Importing data into a table

Now that we have tables for organizing mouse and experiment sessions, it’s time for us to load the data recorded during each experimental session! In this section, we will look at creating an imported table, a table that will automatically import data from files.

Setting up tables

For this section, we will be using mock experimental data to be loaded into the table. For this to work properly, the content of the Session table must look exactly as following for the primary key attributes (mouse_id and session_date)

>> tutorial.Session

ans =


Object tutorial.Session

:: experiment session ::

  MOUSE_ID    SESSION_DATE    experiment_setup     experimenter
  ________    ____________    ________________    ______________

    0         '2017-05-15'    0                   'Edgar Walker'
    0         '2017-05-19'    0                   'Edgar Walker'
    5         '2017-01-05'    1                   'Fabian Sinz'
  100         '2017-05-25'    1                   'Jake Reimer'

4 tuples (0.0946 s)

If your Session table doesn’t quite have the same set of primary keys (mouse_id and session_date combinations) as shown above, make use of the various insert methods covered in Populating the table and delete method covered in Deleting entries to adjust your Session table content until it matches the table shown above.

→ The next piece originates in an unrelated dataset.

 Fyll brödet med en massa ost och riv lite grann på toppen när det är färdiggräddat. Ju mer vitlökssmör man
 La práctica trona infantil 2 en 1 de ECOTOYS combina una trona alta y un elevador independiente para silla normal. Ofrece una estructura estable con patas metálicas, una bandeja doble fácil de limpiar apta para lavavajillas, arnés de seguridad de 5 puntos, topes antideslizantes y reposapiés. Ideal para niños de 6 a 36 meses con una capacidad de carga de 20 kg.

Remember, because of data integrity constraints, if you are missing some of the mice in the Mouse table, you may have to insert the appropriate mouse into your Mouse table before you can insert a session corresponding to that mouse into the Session table.

Getting the data

You can download the (mock) experimental data for the above sessions packaged into a ZIP file here:

Experiment data

Go ahead and download the ZIP file and unzip the content. Place the data directory from the ZIP file somewhere where you’d remember. You will need the full path to this data directory to follow the rest of this section. In what follows, we will be refering to the path to the data simply as /path/to/data/ so be sure to substitute the full path to the data folder when trying out the commands below.

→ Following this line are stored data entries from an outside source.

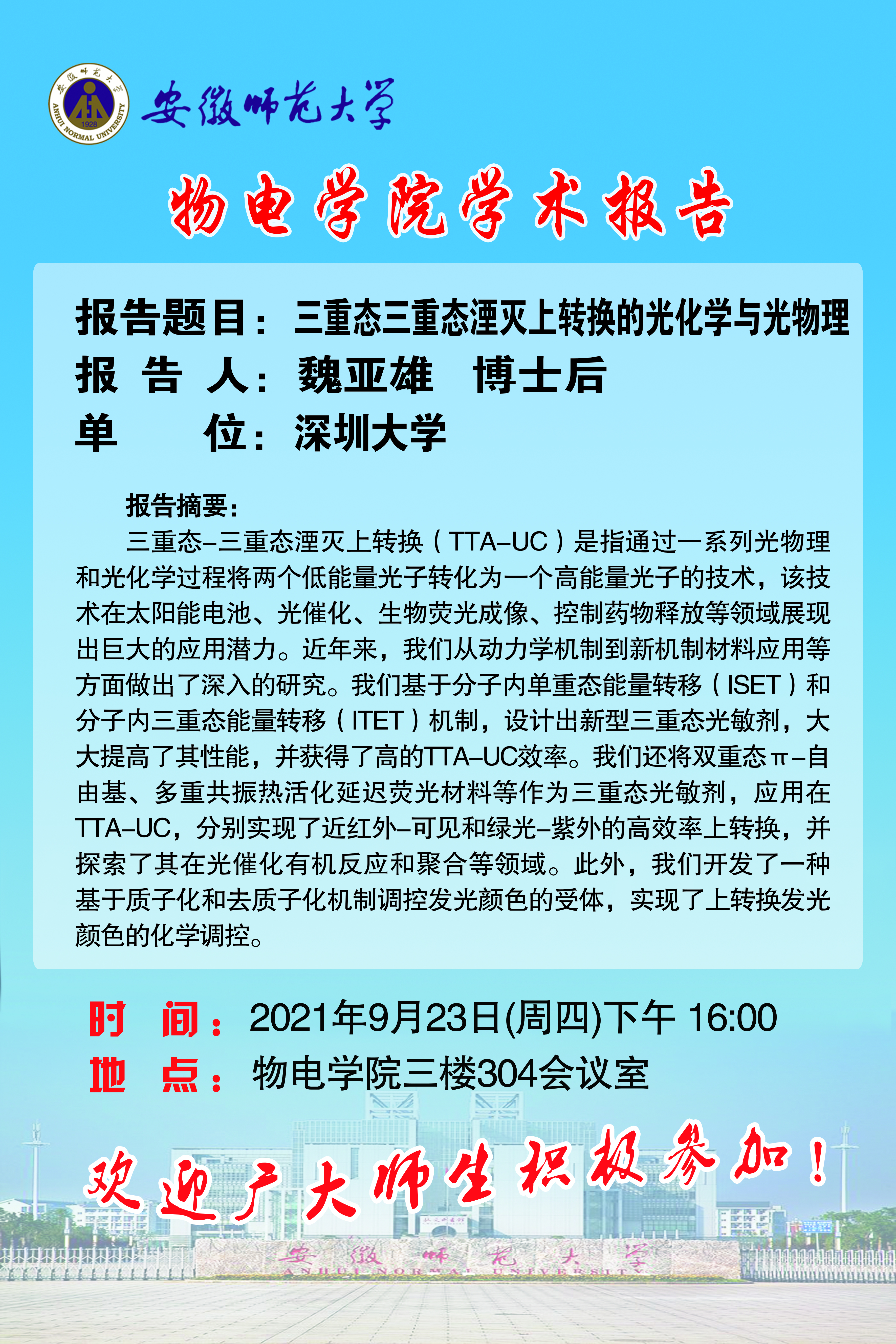 【学术预告】魏亚雄:三重态三重态湮灭上转换的光化学与光物理
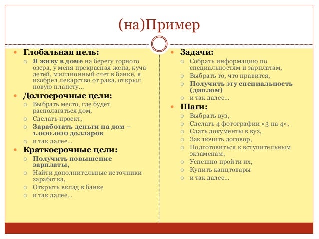 52. 52. (на)Пример  Глобальная цель:  Я живу в доме на берегу горного озера, у меня прекрасная жена, куча детей, миллионный счет в банке, я изобрел лекарство от рака, открыл новую планету…  Долгосрочные цели:  Выбрать место, где будет располагаться дом,  Сделать проект,  Заработать деньги на дом – 1.000.000 долларов  и так далее…  Краткосрочные цели:  Получить повышение зарплаты,  Найти дополнительные источники заработка,  Открыть вклад в банке  и так далее…  Задачи:  Собрать информацию по специальностям и зарплатам,  Выбрать то, что нравится,  Получить эту специальность (диплом)  и так далее…  Шаги:  Выбрать вуз,  Сделать 4 фотографии «3 на 4»,  Сдать документы в вуз,  Заключить договор,  Подготовиться к вступительным экзаменам,  Успешно пройти их,  Купить канцтовары  и так далее…
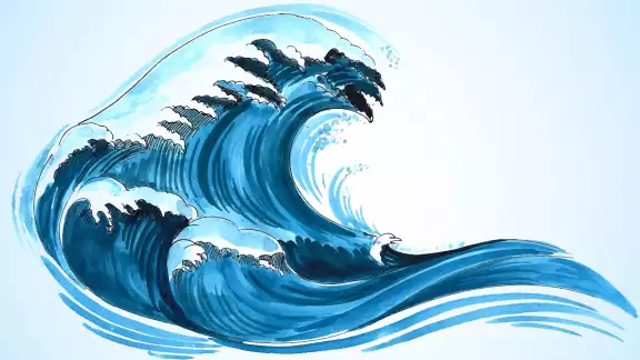 BESTIA y AMAREA se besan. La ola avanza hasta ellos. Apocalipsis.

The follow are a few examples demonstrating what your data path might look like:

MacOS

If you extract the data folder into your Desktop, for example, then the path to the data folder will be something like /home/username/Desktop/data where you replace username with your user name for your machine.

Windows

On Windows, if you extracted data folder onto your Desktop, then the full path to the data folder will look like C:\Users\username\Desktop\data where you replace username with your user name for your machine.

Linux

If you extracted the data directory to your home folder, then the full path to the data directory will be something like /home/username/data where you replace username with your user name on the machine.

Data files

Inside the data directory, you will find 4 .mat (saved Matlab array) files with names like data_100_2017-05-25.mat. As you might have guessed, these are the data for the 4 recording sessions in the Session table, and each file are named according to the mouse_id and session_date - the attributes of the primary keys - in the format data_{mouse_id}_{session_date}.mat.

Let’s take a quick peak at the data content:

>> load data_0_2017-05-15 % must change to data directory first
>> size(data)

ans =

         1        1000

So this particular file contains an array of length 1000. This represents a recording of raw electric activity from a single neuron over 1000 time bins.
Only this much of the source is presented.